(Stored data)
■ ■ ■ ■

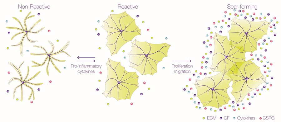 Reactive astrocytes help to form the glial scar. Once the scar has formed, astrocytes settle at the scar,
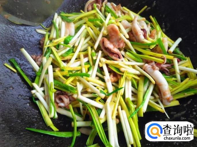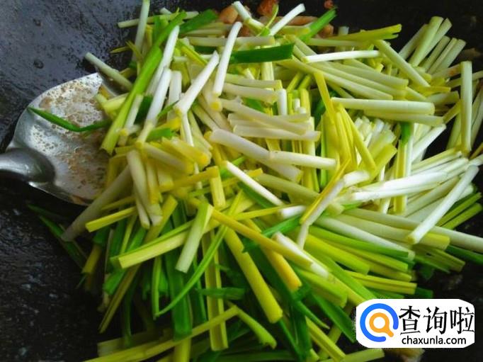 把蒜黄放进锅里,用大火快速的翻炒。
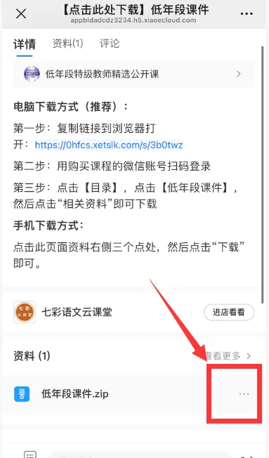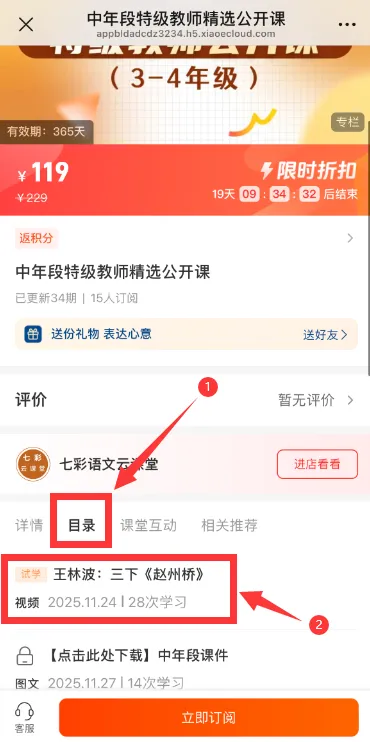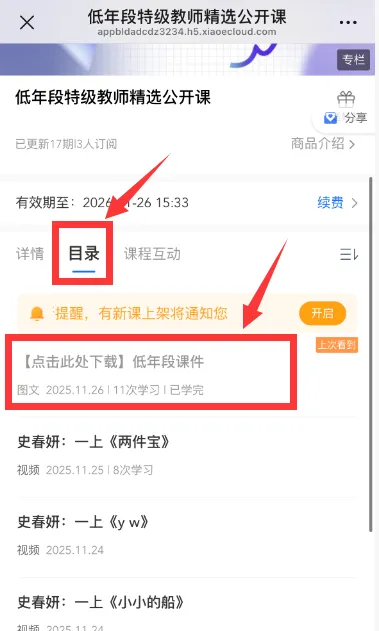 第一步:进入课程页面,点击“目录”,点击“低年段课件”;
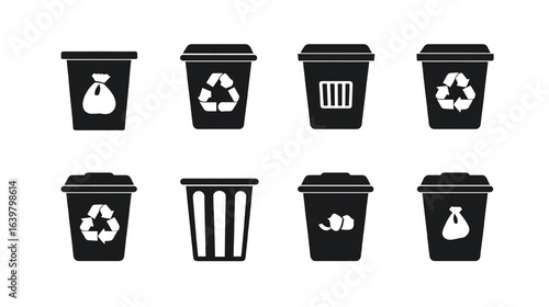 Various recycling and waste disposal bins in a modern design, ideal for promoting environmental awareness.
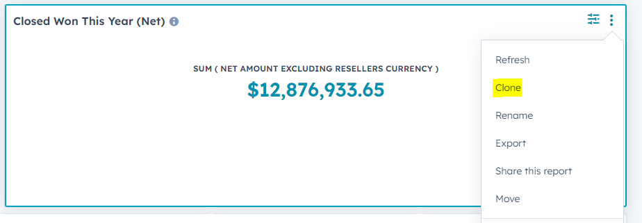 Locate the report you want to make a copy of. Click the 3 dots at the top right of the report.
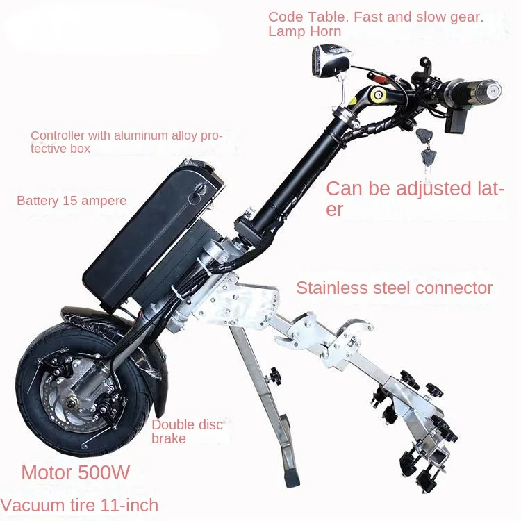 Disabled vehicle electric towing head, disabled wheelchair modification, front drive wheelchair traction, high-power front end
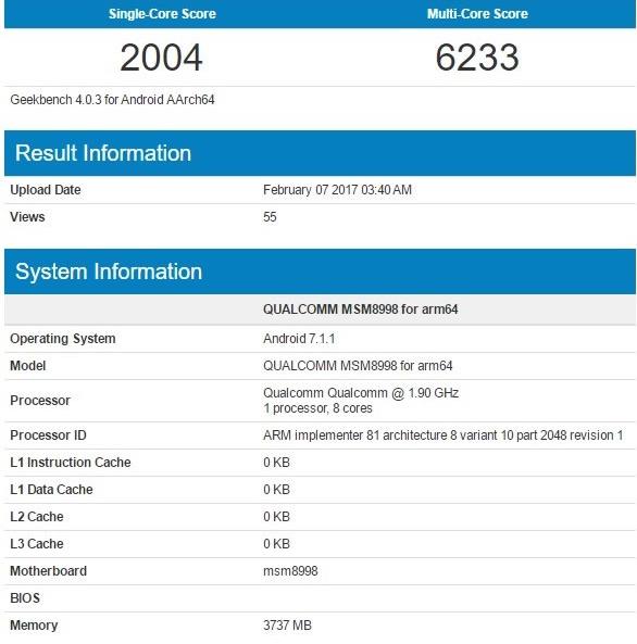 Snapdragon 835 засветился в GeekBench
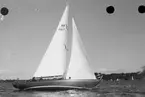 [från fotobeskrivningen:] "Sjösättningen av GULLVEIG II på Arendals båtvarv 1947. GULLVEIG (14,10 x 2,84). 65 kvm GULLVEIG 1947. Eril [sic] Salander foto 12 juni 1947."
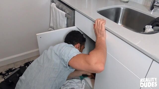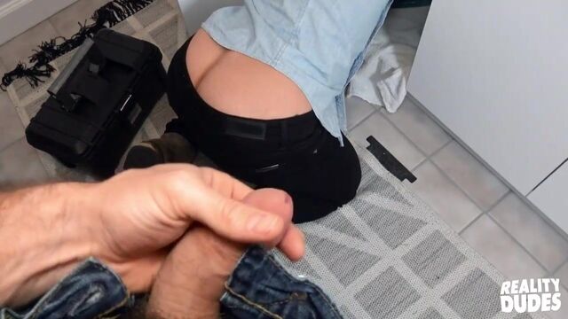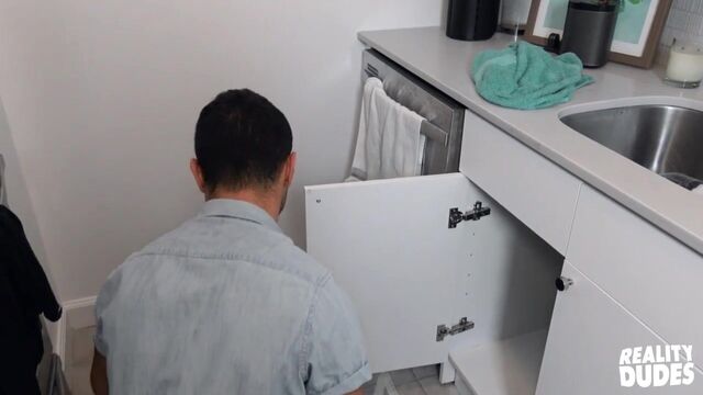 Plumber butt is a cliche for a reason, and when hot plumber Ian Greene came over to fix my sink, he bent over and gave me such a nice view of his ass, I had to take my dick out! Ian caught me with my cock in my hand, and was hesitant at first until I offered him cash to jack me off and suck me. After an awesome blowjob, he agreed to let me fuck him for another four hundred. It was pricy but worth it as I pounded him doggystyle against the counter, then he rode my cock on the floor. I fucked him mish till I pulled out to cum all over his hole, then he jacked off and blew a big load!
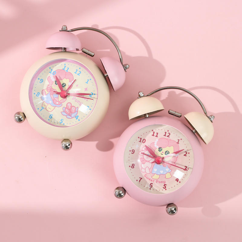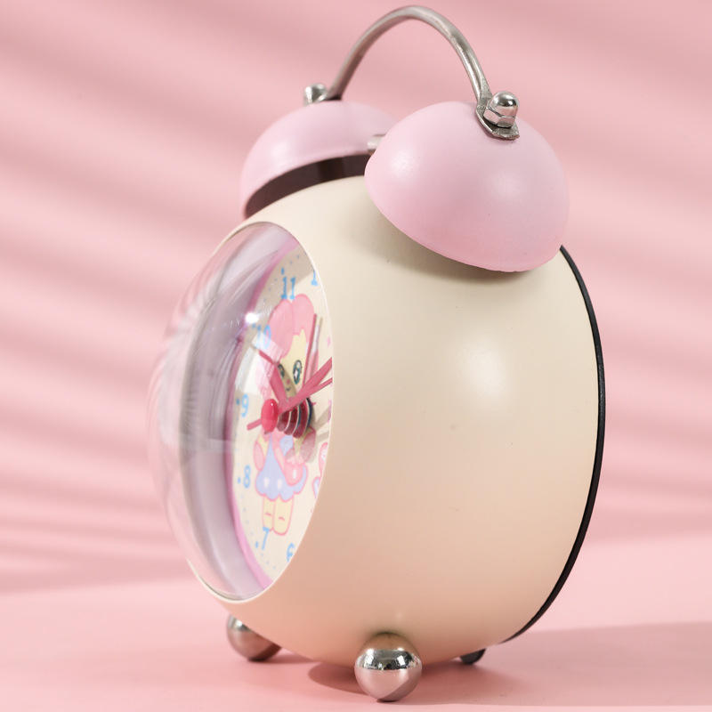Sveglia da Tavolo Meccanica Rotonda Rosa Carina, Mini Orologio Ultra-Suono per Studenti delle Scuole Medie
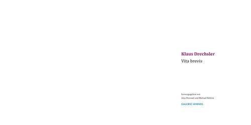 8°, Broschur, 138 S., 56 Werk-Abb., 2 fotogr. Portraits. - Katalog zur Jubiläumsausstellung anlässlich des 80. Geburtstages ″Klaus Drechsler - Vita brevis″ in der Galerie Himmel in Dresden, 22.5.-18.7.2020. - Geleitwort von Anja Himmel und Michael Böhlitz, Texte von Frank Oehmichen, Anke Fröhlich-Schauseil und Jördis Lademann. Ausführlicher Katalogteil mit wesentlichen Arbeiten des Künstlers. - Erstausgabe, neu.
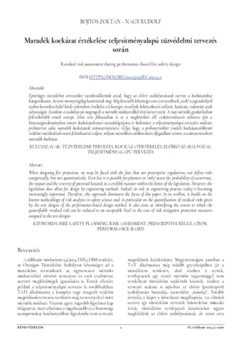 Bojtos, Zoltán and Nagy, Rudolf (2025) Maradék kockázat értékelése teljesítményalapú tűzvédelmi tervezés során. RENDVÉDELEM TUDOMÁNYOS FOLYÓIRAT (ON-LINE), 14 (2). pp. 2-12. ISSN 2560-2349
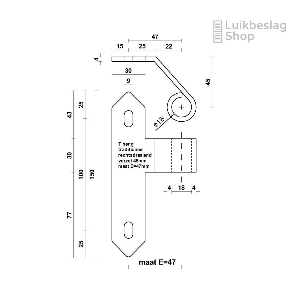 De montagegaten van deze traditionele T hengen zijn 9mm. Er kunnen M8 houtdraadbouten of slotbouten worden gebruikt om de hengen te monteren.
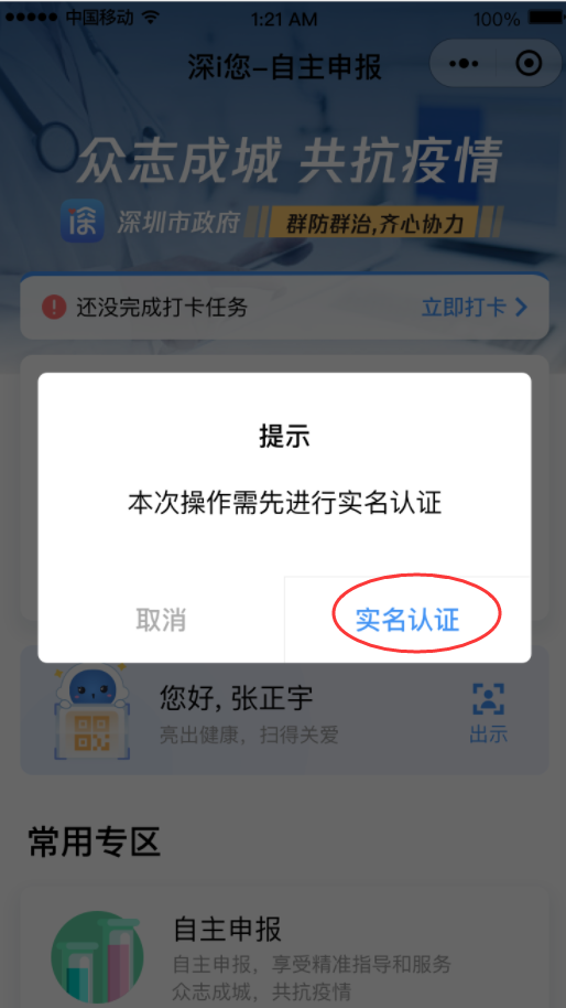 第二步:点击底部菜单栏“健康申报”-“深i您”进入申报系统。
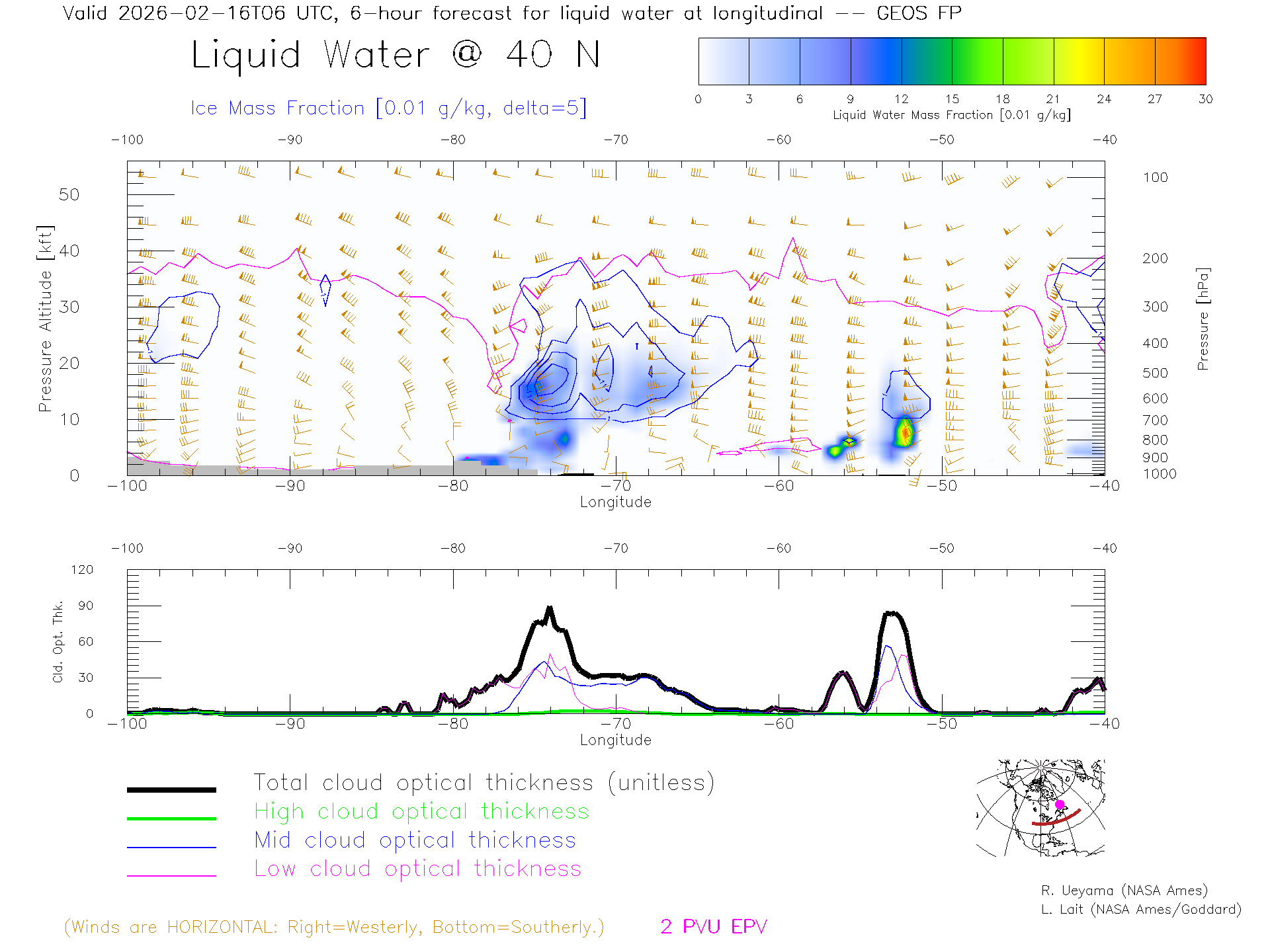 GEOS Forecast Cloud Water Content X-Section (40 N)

■ ■ ■ ■

#### [Work item]
Without the pictures, give again exactly the lines above starting at the line containing "Locate the report" and ending at the line containing "Sveglia da Tavolo".

#### [Answer to this problem]
 Locate the report you want to make a copy of. Click the 3 dots at the top right of the report.
 Disabled vehicle electric towing head, disabled wheelchair modification, front drive wheelchair traction, high-power front end
 Snapdragon 835 засветился в GeekBench
 [från fotobeskrivningen:] "Sjösättningen av GULLVEIG II på Arendals båtvarv 1947. GULLVEIG (14,10 x 2,84). 65 kvm GULLVEIG 1947. Eril [sic] Salander foto 12 juni 1947."
 Plumber butt is a cliche for a reason, and when hot plumber Ian Greene came over to fix my sink, he bent over and gave me such a nice view of his ass, I had to take my dick out! Ian caught me with my cock in my hand, and was hesitant at first until I offered him cash to jack me off and suck me. After an awesome blowjob, he agreed to let me fuck him for another four hundred. It was pricy but worth it as I pounded him doggystyle against the counter, then he rode my cock on the floor. I fucked him mish till I pulled out to cum all over his hole, then he jacked off and blew a big load!
Sveglia da Tavolo Meccanica Rotonda Rosa Carina, Mini Orologio Ultra-Suono per Studenti delle Scuole Medie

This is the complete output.